Our taxes shot up more than 70% after the legislature reformed the system in 2023. They said they knew at the time that corrections would be in order, which indicates that they did not know what they were doing then, and they still do not. You cannot cut income taxes and property taxes without causing some nasty bleeding in public schools. Switching to a flat income tax will cause a $600 million revenue drop this year, and a bigger drop next year. That is an election year. That is why Gov. Reynolds is not talking. Property taxes are a big problem without a painless solution.

Remember: Something will be done. Everything is on the table.

 

Rural health notions

Gov. Reynolds has indicated that maternal and rural health care access will be on her agenda. Rural hospitals are closing. Babies will not be born at Newton for lack of doctors. Nursing homes are shuttering. It’s been going on a long time, this drift in rural health care.

Eventually everyone gets an intimate experience with the health care system. We’re getting ours, old men that we are. And we have some good-faith observations about health care that the governor might consider.

First, the system is overwhelmed. A nurse told us it can take up to six months to get a surgery in Iowa City. That nurse is leaving this summer for Chicago. Health care professionals are leaving Iowa because of its backwards politics. Beware. We need more nurses, more lab personnel and more physicians. You should not have to wait several weeks to see a doctor in Storm Lake.

Second, invest money across the state in technology. The doctors in California tell us that the images in Sioux City are not good enough. The doctors in Iowa City tell us that the images from Storm Lake are not good enough. For a doctor to see those images can take up to a month. We need better, affordable technology in Storm Lake, Sioux City and Iowa City.
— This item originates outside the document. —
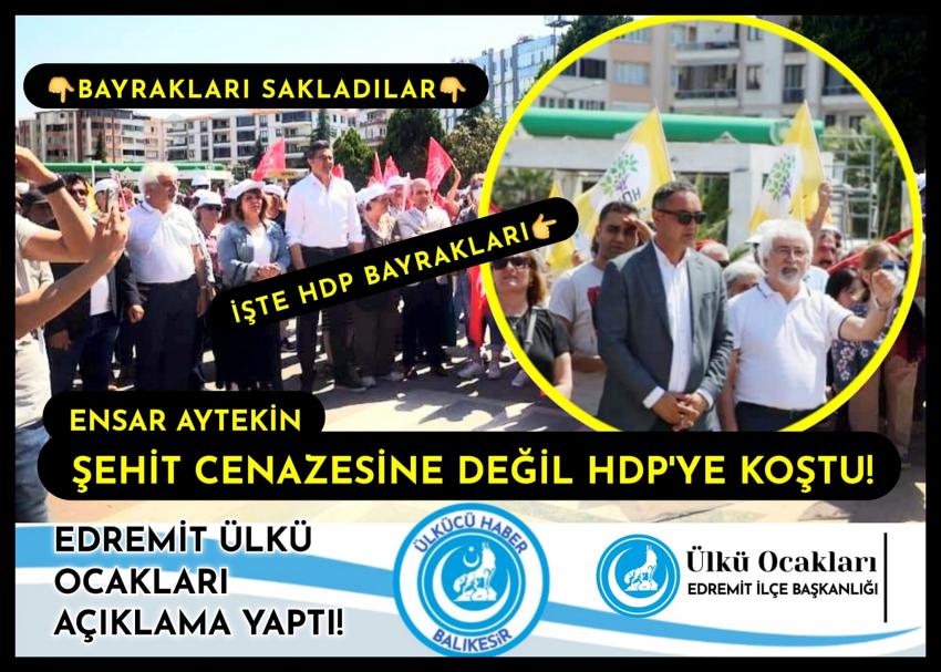 Edremit'te Canan Kaftancıoğlu'na destek için CHP'nin yaptığı basın açıklamasında sallanan HDP bayraklarına tepkiler devam ediyor. Edremit Ülkü Ocakları Başkanı Gökhan Takyesizoğlu, şehit cenazesine katılmak yerine, HDP bayraklı açıklamaya koşan Milletvekili Ensar Aytekin'e yüklendi.
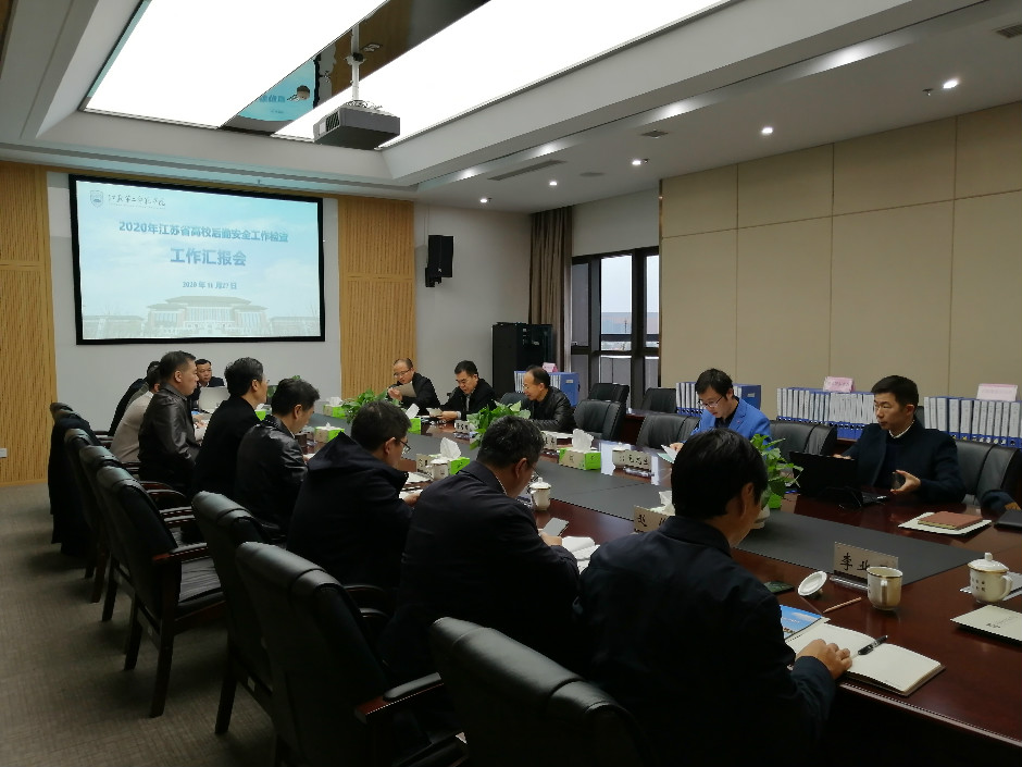11月27日上午,由江苏卫生健康职业学院副院长徐福田带队的江苏省高校后勤安全工作检查专家组莅临我校检查指导后勤安全工作。校长王建出席安全检查工作汇报会并致欢迎辞,副校长祝兴成作学校后勤安全工作汇报,校长办公室、后勤处、保卫处、后勤服务总公司、基建处、学生工作处、国有资产管理处等部门负责人陪同参加汇报检查。

The system rations technology that prevents rural patients, especially the elderly who lack transportation, from accessing care. We have not begun to exploit telemedicine.

Those are just two obvious things that most patients experience, and which cause tremendous frustration for caregiver and patient.

What we need most is a single-payer health care system. Medicare is tremendous. The governor should expand Medicaid to the extent that she can. We realize that she will not but that’s a big part of the problem with access. Small businesses like ours struggle with the cost of health insurance, and employees have a hard time digesting the deductibles and co-pays. It’s a terrible system that adds stress to an already stressed patient. It does not have to be so inhumane, in certain ways.